--- Record set ---

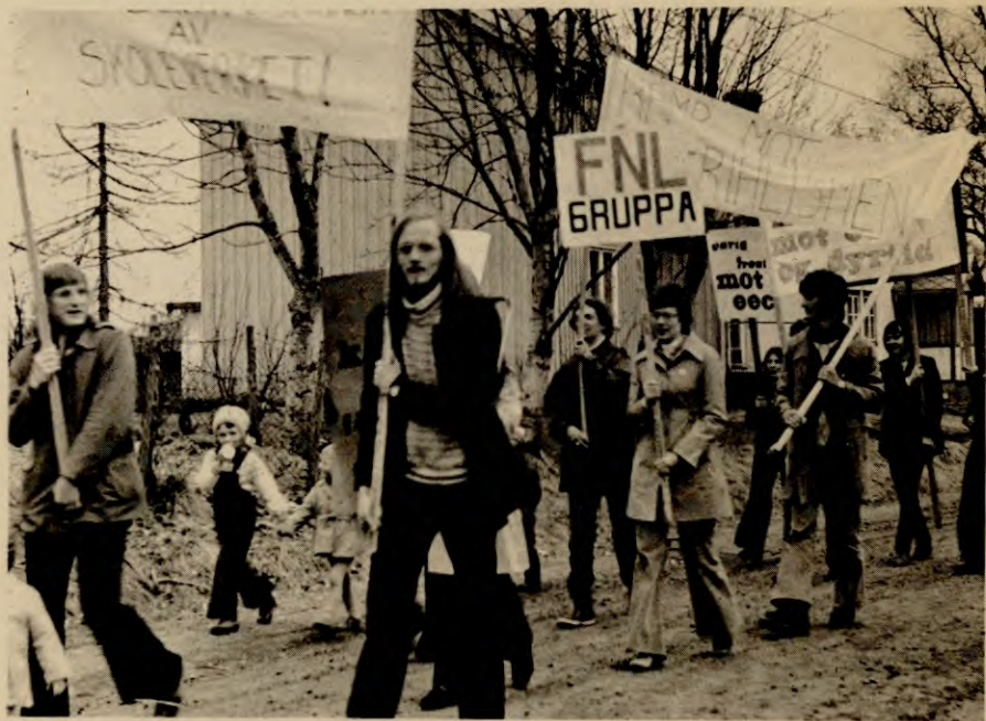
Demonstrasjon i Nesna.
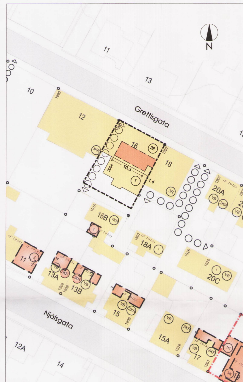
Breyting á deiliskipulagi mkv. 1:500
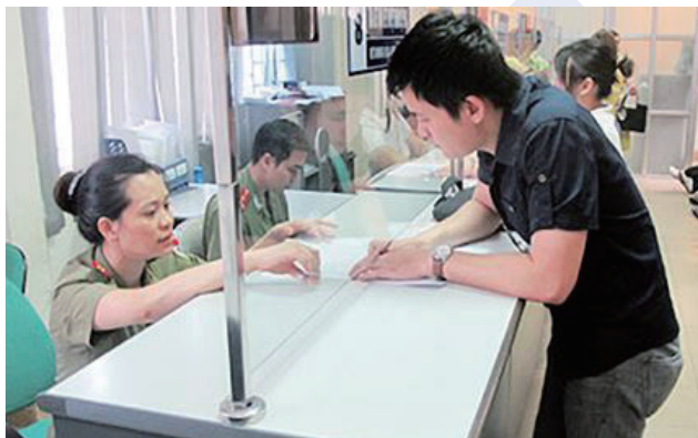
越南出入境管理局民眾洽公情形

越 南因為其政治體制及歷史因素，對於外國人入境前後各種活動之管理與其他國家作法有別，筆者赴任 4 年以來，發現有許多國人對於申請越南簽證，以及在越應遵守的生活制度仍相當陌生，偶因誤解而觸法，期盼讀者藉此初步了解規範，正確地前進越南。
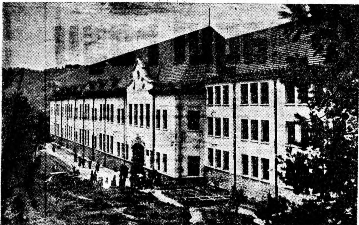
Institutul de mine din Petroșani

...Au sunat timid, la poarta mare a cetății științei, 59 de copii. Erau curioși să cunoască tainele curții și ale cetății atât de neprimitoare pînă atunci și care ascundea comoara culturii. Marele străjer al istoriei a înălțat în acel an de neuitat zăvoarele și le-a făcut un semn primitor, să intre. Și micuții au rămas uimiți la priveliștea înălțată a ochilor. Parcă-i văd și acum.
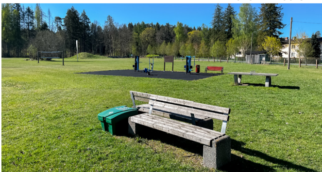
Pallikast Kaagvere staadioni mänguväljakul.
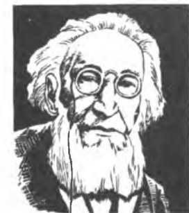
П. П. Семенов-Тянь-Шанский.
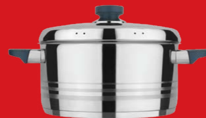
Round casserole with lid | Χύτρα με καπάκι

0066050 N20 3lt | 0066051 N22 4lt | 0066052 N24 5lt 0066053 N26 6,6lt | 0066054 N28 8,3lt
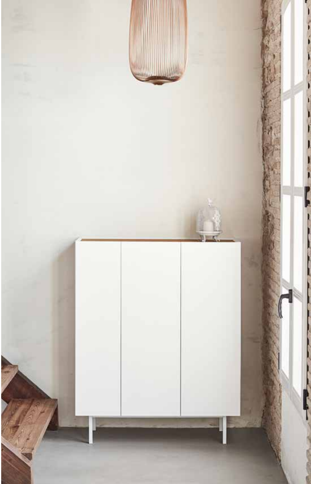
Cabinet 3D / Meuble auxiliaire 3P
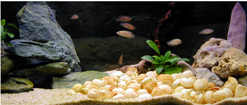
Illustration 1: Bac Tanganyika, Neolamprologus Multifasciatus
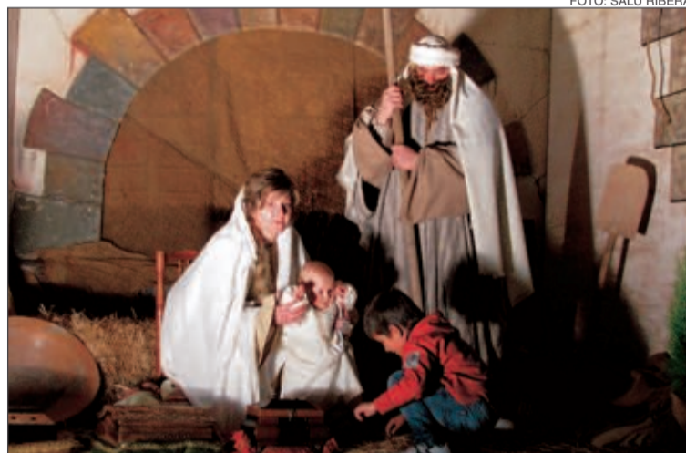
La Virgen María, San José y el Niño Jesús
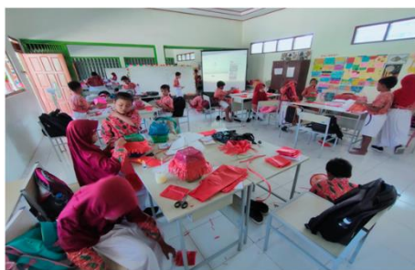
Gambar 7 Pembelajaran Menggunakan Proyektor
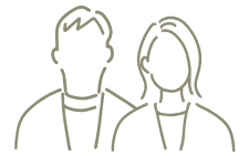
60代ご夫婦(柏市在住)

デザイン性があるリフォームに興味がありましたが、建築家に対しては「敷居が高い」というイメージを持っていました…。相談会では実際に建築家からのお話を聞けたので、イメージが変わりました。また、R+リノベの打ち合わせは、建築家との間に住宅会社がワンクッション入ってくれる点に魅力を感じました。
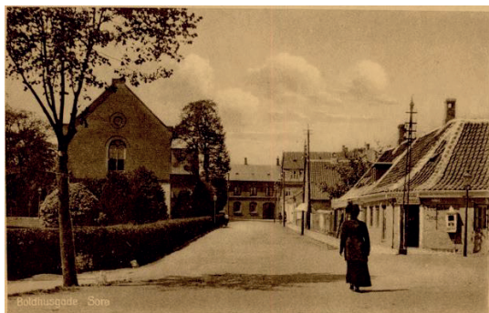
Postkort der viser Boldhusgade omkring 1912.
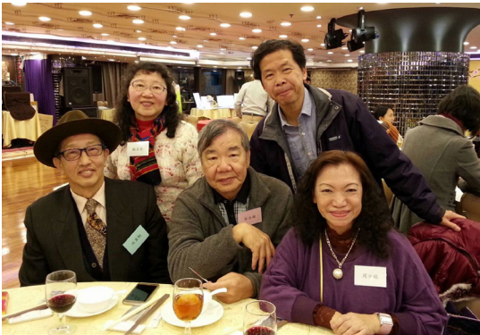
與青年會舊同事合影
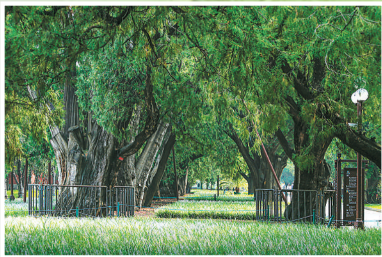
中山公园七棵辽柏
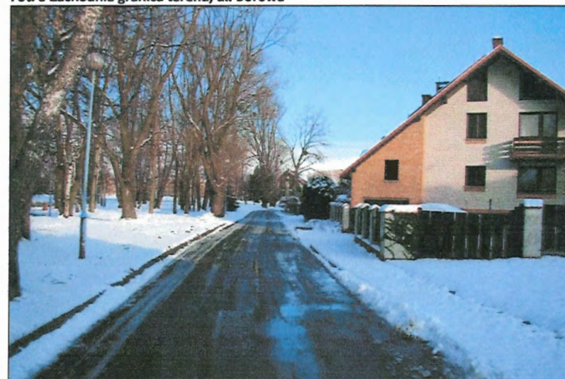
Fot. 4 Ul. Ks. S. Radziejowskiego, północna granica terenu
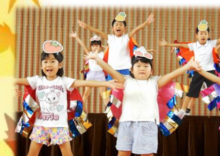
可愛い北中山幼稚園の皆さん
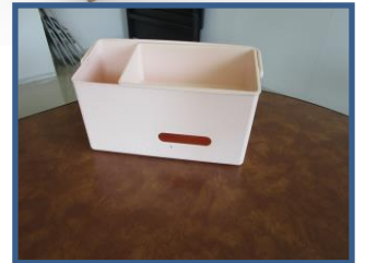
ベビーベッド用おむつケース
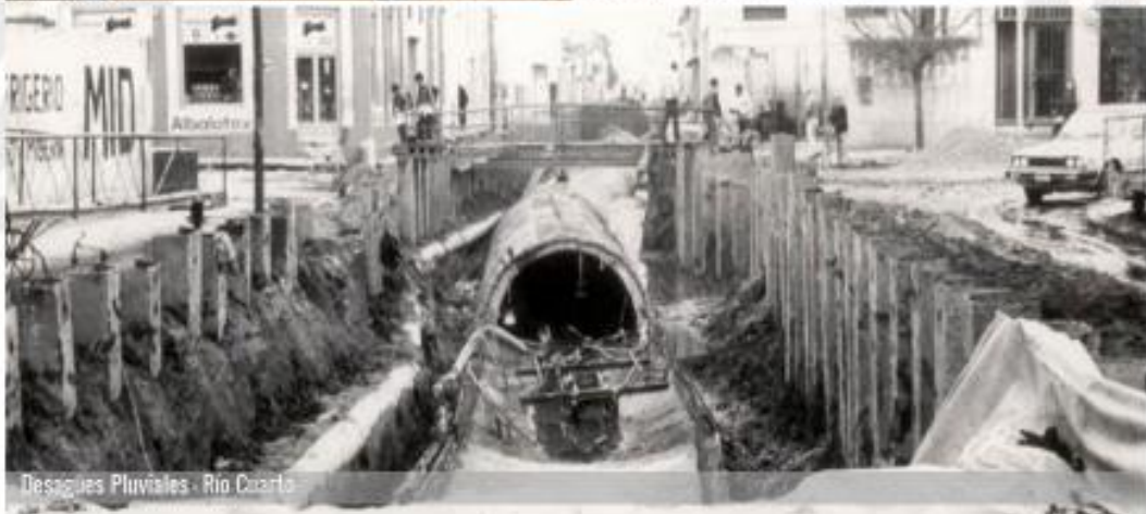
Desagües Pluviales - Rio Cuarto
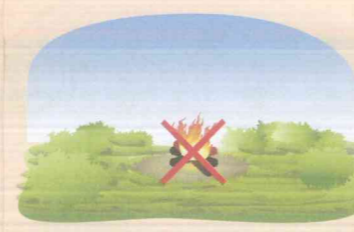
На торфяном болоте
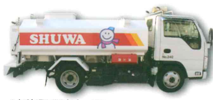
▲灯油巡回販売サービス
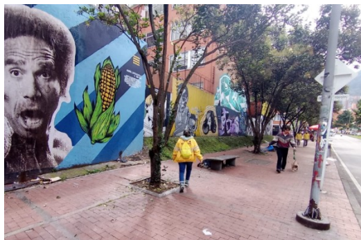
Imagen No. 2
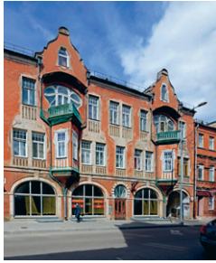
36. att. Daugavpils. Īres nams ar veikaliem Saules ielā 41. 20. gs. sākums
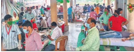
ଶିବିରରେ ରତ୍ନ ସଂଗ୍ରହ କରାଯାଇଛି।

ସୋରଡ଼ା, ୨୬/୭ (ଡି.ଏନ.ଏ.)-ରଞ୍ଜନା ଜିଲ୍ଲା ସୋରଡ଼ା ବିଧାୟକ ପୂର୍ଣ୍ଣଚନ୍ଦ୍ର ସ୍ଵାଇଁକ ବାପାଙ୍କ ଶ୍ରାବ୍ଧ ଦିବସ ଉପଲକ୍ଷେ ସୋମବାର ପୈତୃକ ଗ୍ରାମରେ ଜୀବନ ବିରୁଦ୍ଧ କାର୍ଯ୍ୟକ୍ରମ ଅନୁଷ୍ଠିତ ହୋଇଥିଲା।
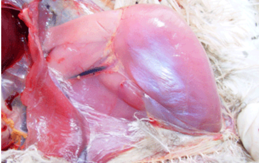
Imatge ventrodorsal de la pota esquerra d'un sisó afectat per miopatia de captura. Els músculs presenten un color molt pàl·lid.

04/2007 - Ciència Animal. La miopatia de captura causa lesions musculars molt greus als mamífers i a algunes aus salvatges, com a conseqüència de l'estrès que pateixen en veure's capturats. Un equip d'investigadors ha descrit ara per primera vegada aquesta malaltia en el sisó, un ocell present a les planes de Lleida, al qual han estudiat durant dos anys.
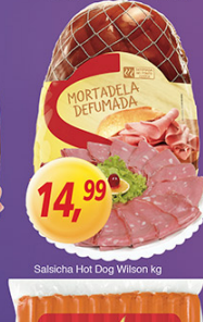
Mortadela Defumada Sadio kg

---

* [Work required]: Starting at the line above that holds "60代ご夫婦(柏市在住)", return each line up to and including the one that holds "Imagen No. 2", exactly as written, minus any pictures.

* [Exercise response]:
60代ご夫婦(柏市在住)

デザイン性があるリフォームに興味がありましたが、建築家に対しては「敷居が高い」というイメージを持っていました…。相談会では実際に建築家からのお話を聞けたので、イメージが変わりました。また、R+リノベの打ち合わせは、建築家との間に住宅会社がワンクッション入ってくれる点に魅力を感じました。
Postkort der viser Boldhusgade omkring 1912.
與青年會舊同事合影
中山公园七棵辽柏
Fot. 4 Ul. Ks. S. Radziejowskiego, północna granica terenu
可愛い北中山幼稚園の皆さん
ベビーベッド用おむつケース
Desagües Pluviales - Rio Cuarto
На торфяном болоте
▲灯油巡回販売サービス
Imagen No. 2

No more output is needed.